20. The face extraction unit according to claim 19, wherein, in the expression of the evaluation vector, a value calculated based on an angle when the edge normal direction vector is expressed in polar coordinates is used. Image communication terminal.

21. The face extraction unit, wherein a position and a size extracted as a face from an image captured by the camera unit are:
17. The apparatus according to claim 1, further comprising a face / non-face determination unit that determines whether the face is truly a face, and outputs an extraction result only when the face is determined. Image communication terminal.

22. The face extracting unit, wherein a position and a size extracted as a face from an image taken by the camera unit are based on the content stored in the voting result storage unit.
18. The image communication terminal according to claim 17, further comprising a face / non-face determination unit that determines whether the face is truly a face, and outputs an extraction result only when the face is determined.
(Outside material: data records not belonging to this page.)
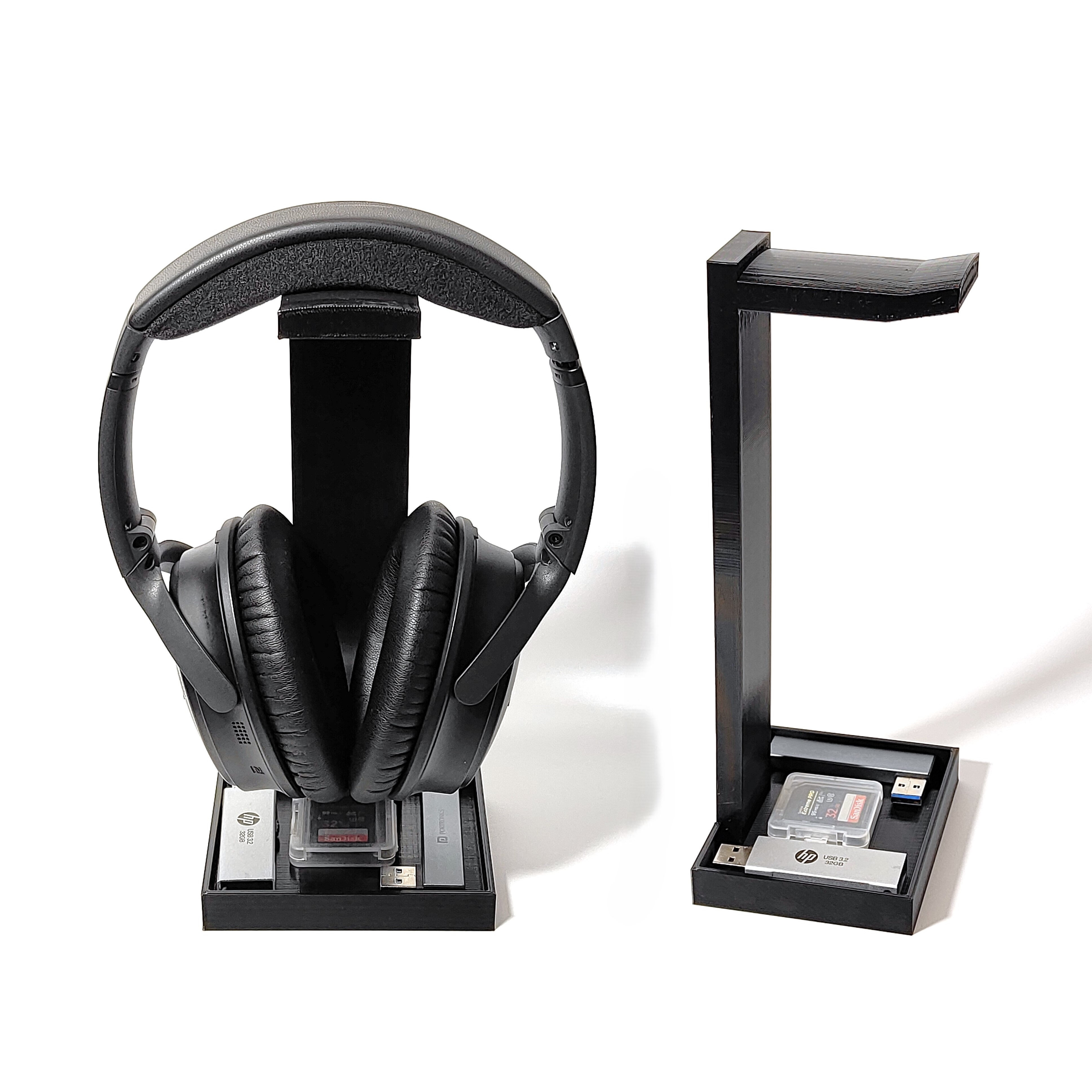 Desktop Stand for Headphones/Headsets with Built-in Accessories Tray | Sleek Black Desktop Organizer for Home, Office, or Gaming Setup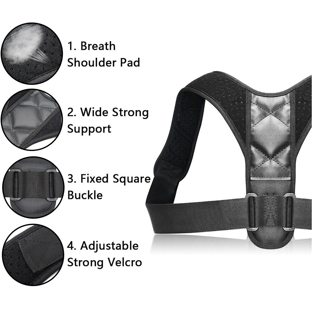 Our Back Posture Corrector is ideal for both men and women seeking to improve the alignment and structure of their back. This back posture corrector offers relief from chronic back pain and muscle tension. It features two adjustable straps for easy application and a secure velcro closure. Our back straightening posture corrector is the ideal solution for individuals experiencing back pain, especially after long hours of work. POSTURE CORRECTOR WITH BACK BRACE Featuring an adjustable Velcro strap for clavicle support Our Posture Corrector is designed for both men and women, promoting a natural, upright posture. This can help alleviate neck, shoulder, and upper back pain while encouraging the correction of poor posture habits. It provides effective assistance and robust support to alleviate back, neck, and shoulder pain caused by improper posture.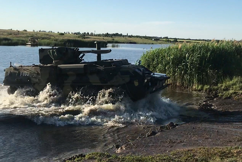 Також на навчання були запрошені курсанти та викладачі Національної академії НГУ. Їм було показано роботу БТР-4 під час подолання водної перешкоди.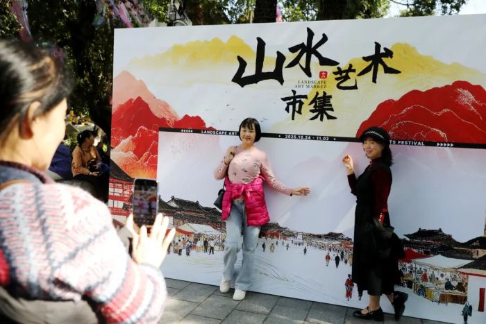作为本届山水市集的一大亮点,“山水、城市、戏剧”的深度融合,让艺术气息渗透到每一个角落。古南门的古建筑与两江四湖的碧水青山相映成趣,成为天然的“戏剧舞台”;市集的布景中,随处可见印着经典戏剧台词的画布、展板,为市集增添了文艺氛围。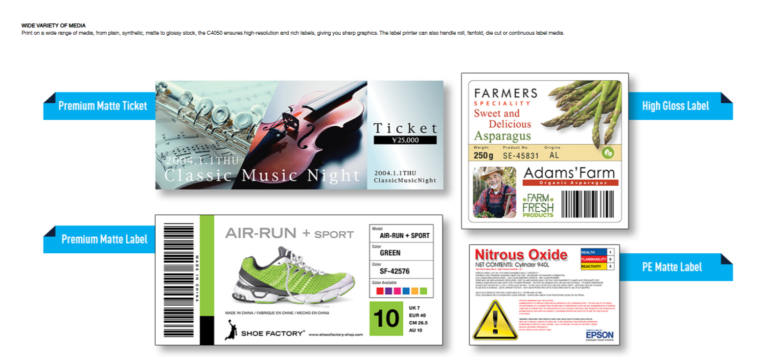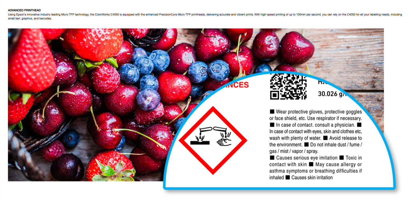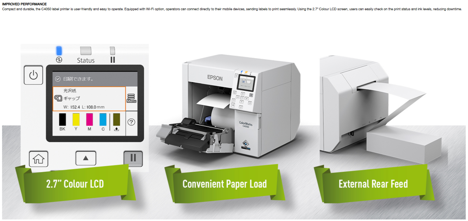 Equipped with new and improved PrecisionCore Micro TFP printheads, Epson’s C4050 colour label printer is the perfect solution for industrial, F&B, warehousing, medical and other labelling applications. With increased efficiency thanks to its speedy print of up to 100mm per second, the durable C4050 delivers vivid, high quality, and high-resolution on-demand colour labels whenever you need them.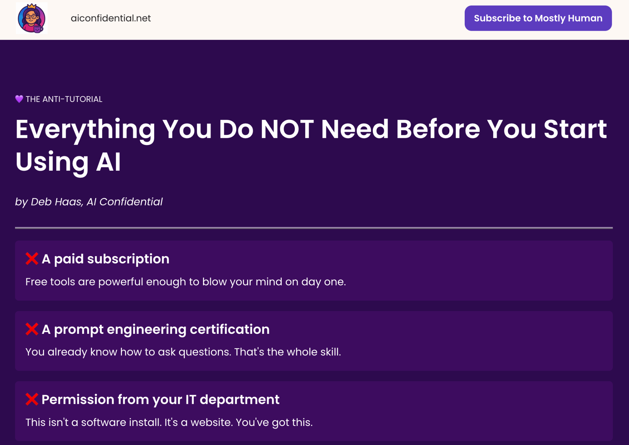 P.S. Forward this to the woman in your life who keeps saying she'll try AI "eventually." The Anti-Tutorial is literally made for her.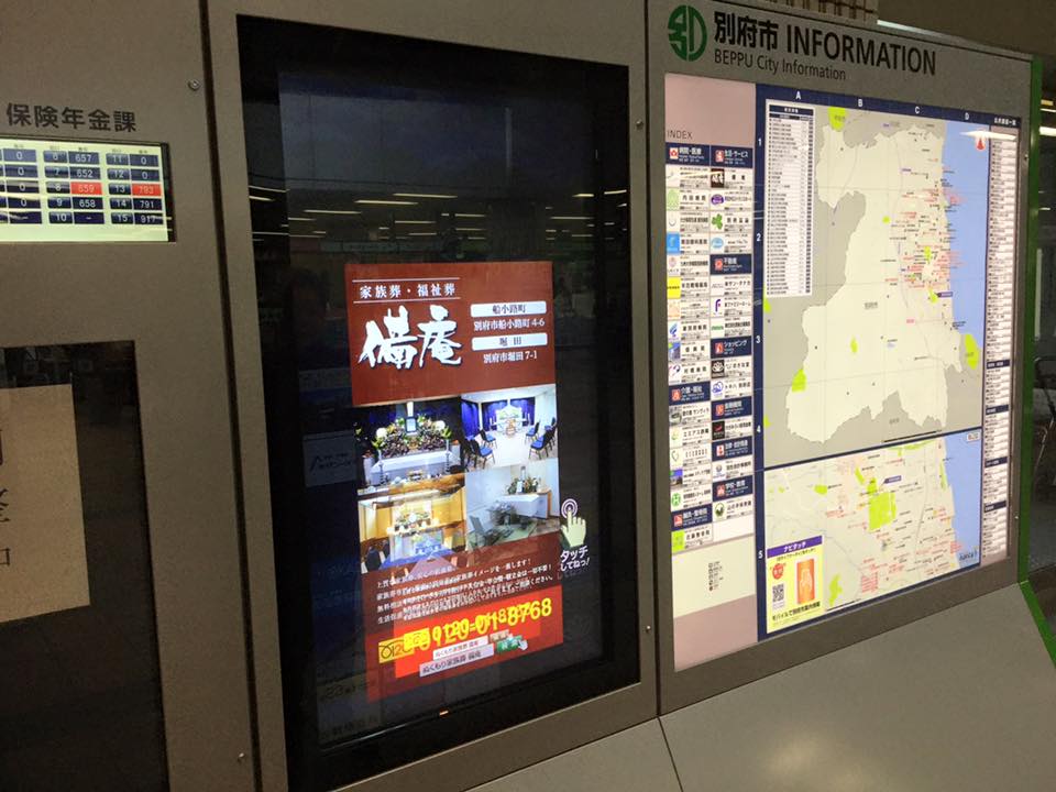 3月1日から別府市役所の庁舎内にデジタル案内板が設置されました。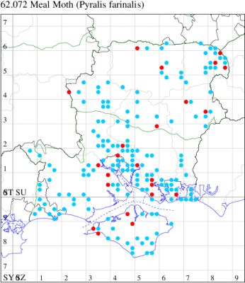 Common in farm buildings, barns, warehouses and granaries, also sometimes in houses, across much of Britain, occasionally recorded in the wider countryside. Distributed widely and evenly over Hampshire and on the Isle of Wight, with no particular pattern. Wingspan 22-30 mm. Nocturnal, but often easy to find on walls during the day. Main confusion species are P. lienigialis, which is much darker and lacks contrastingly pale median area, and Painted Meal Moth P. pictalis, which has straighter fasciae on forewing. Larva feeds on dried goods, cereals, grain and dry vegetable matter.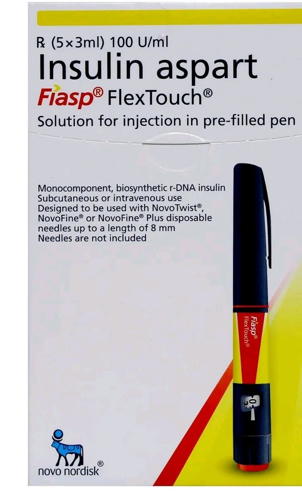 Fiasp FlexTouch 100U/ml Prefilled Pen 3 ml is used for the treatment of diabetes mellitus in both children (above two years of age) and adults. It typically begins working after 10-20 minutes and will last for between 3 and 5 hours. Due to this short action, it should normally be taken in combination with intermediate-acting or long-acting insulin preparations. It contains Insulin aspart, which works by ensuring rapid and consistent sugar control. It is a fast-acting form of insulin that helps lower blood sugar levels after food intake. It prevents the risk of having severe complications of diabetes. It stimulates the recovery of sugar in muscle and fat cells and thus suppresses sugar production in the liver. It may cause common side effects such as hypokalaemia (low potassium), hypoglycaemia (low blood sugar level), local injection site reactions, lipodystrophy (fat deposition under the skin), rash, and itching at the injection site. Along with this medicine, you should take a healthy diet, exercise regularly, and maintain weight as advised by your doctor.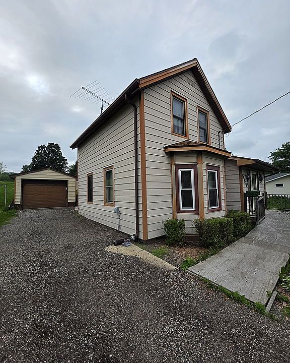 2 bedroom, 1 bathroom home with open office space upstairs. Unfinished basement with furnace, & waterheater. Has propane heat, central ac. Detached garage plus small shed out back. Lots of potential!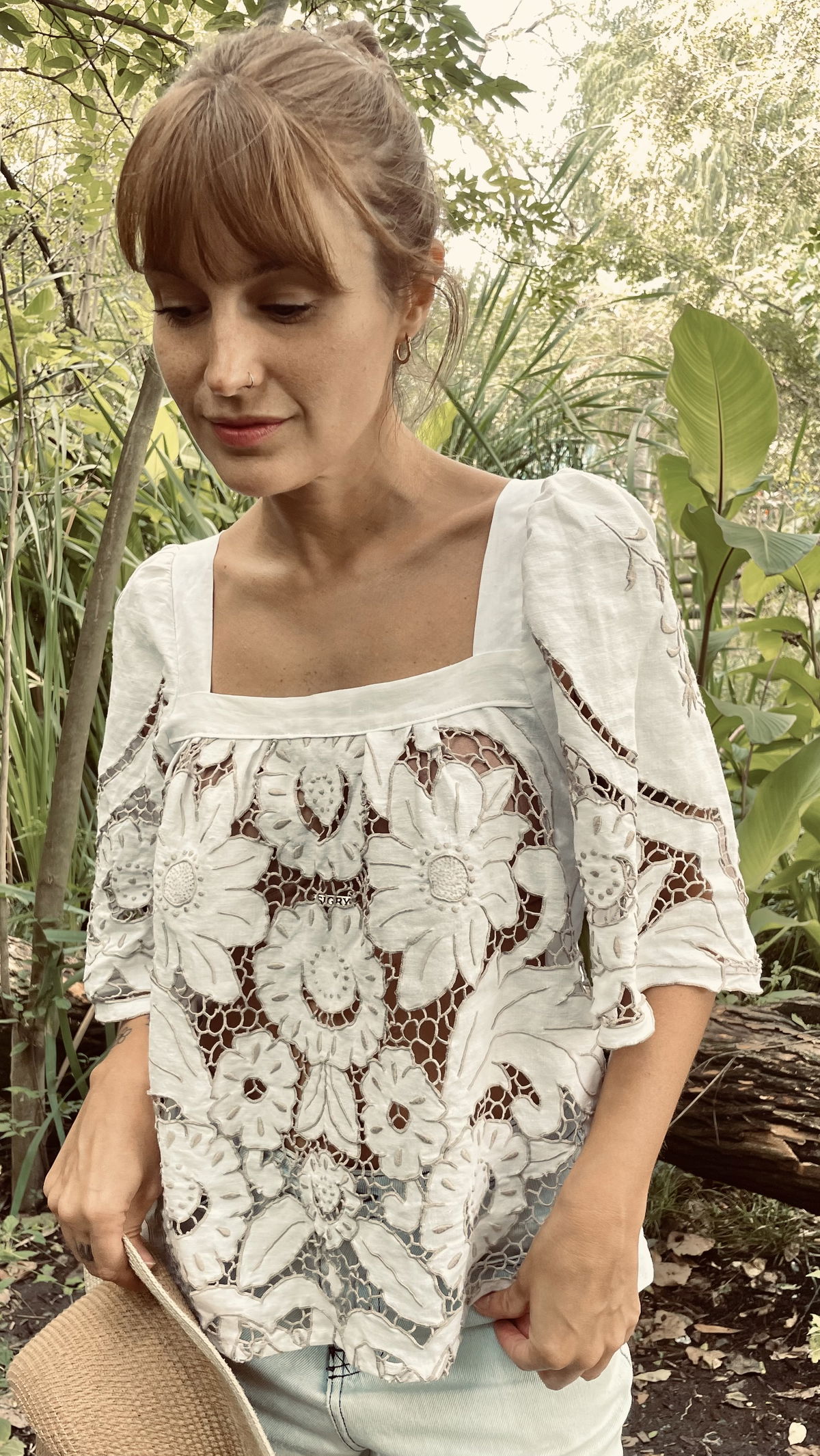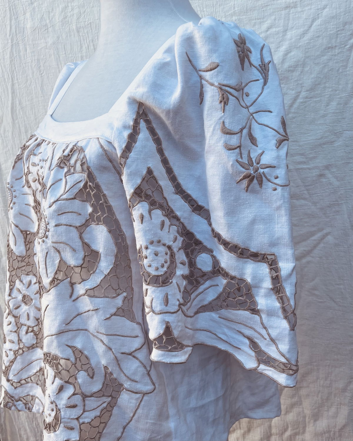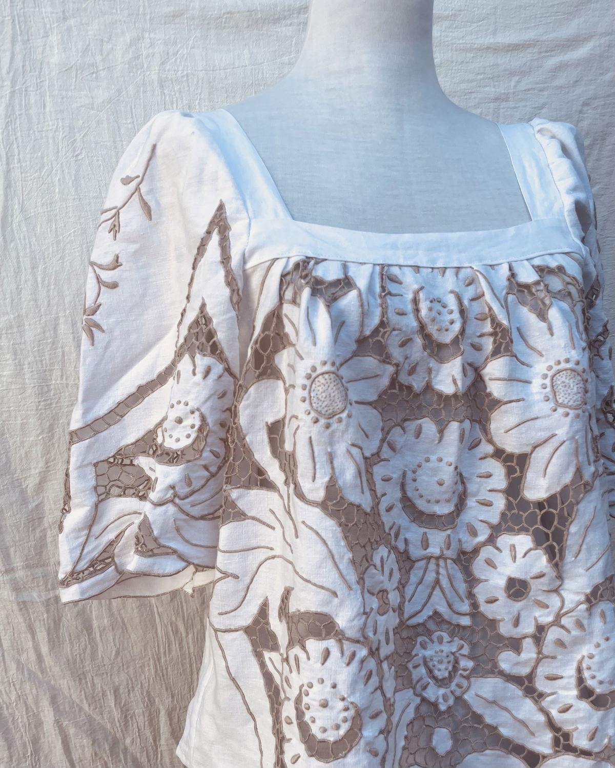 Blusa amplia de algodón con bordado Richelieu y calados. Mangas amplias
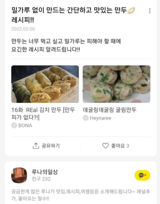아래와 같이 현재 불특정 다수의 카카오 뷰 채널에 제 글을 아무런 동의 없이, 무단으로 본인이 생성한 정보인 것처럼 링크를 걸어 영리를 위해 활용 중인 분들의 채널을 캡처하였습니다.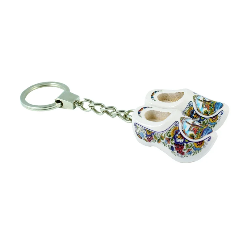 Sleutelhanger met 2 klompjes van 4 cm Wit Multi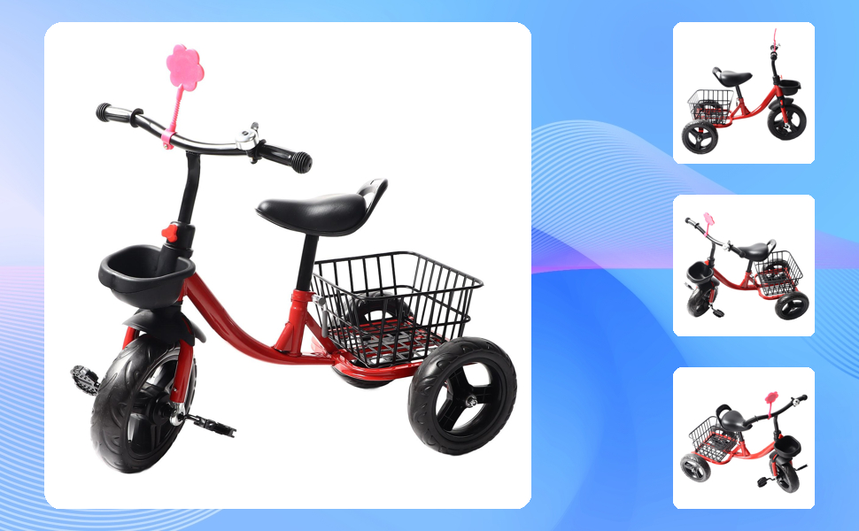 ركوب]: هذه الدراجة الثلاثية هي للمبتدئين ، ويوفر الراحة والراحة والمرح. تضمن إطارات الركوب الهادئة رحلة سلسة مع تعزيز المهارات الحركية الإجمالية للأطفال الصغار وأطفال ما قبل المدرسة.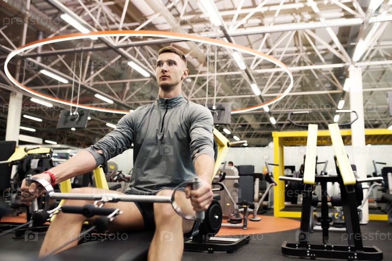 Спортсмен, использующий машины в спортзале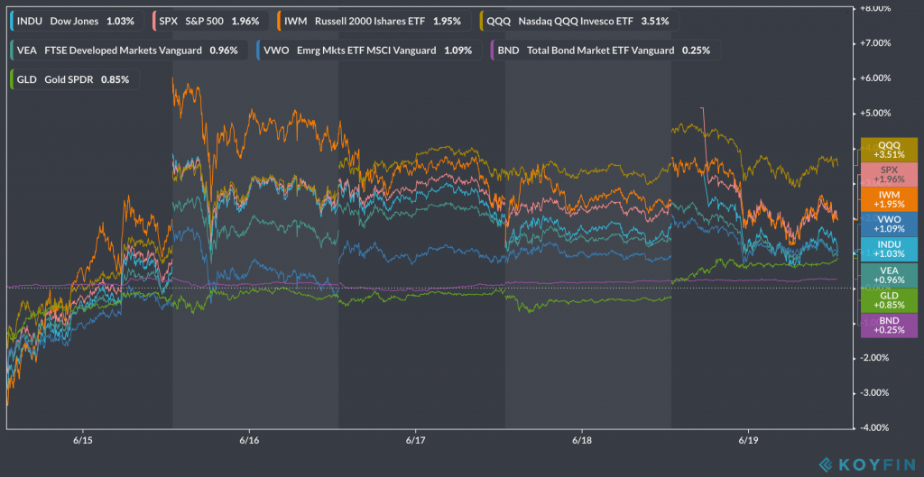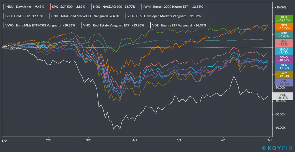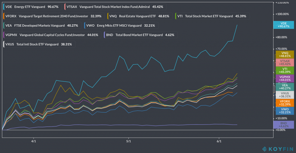 Tuesday. Feels like Friday already. June already feels like its been 60 days long. Major indexes closed green, led by the Dow Jones up 1.1%. Energy was the leading sector, closing up 2.8%.

23. The face extraction unit, wherein the position and size extracted as a face from an image captured by the camera unit are based on the similarity value generated by the inverse orthogonal transform unit.
20. The image communication terminal according to claim 19, further comprising a face / non-face determination unit that determines whether or not the image is a true face, and outputs an extraction result only when the image is determined to be a face.

24. The face / non-face determining unit uses an image feature obtained from an area extracted as a face from an image captured by the camera unit, based on a support vector function determination result. Determining a face,
The image communication terminal according to claim 21.

25. The image processing apparatus according to claim 25, wherein the face / non-face determination unit uses an edge normal direction vector obtained from an area extracted as a face from an image captured by the camera unit as the image feature. Item 25. The image communication terminal according to item 24.

26. The image processing apparatus according to claim 26, wherein the face / non-face determination unit uses, as the image feature, a histogram of an edge normal obtained from a region extracted as a face from the image captured by the camera unit. Item 25. The image communication terminal according to item 24.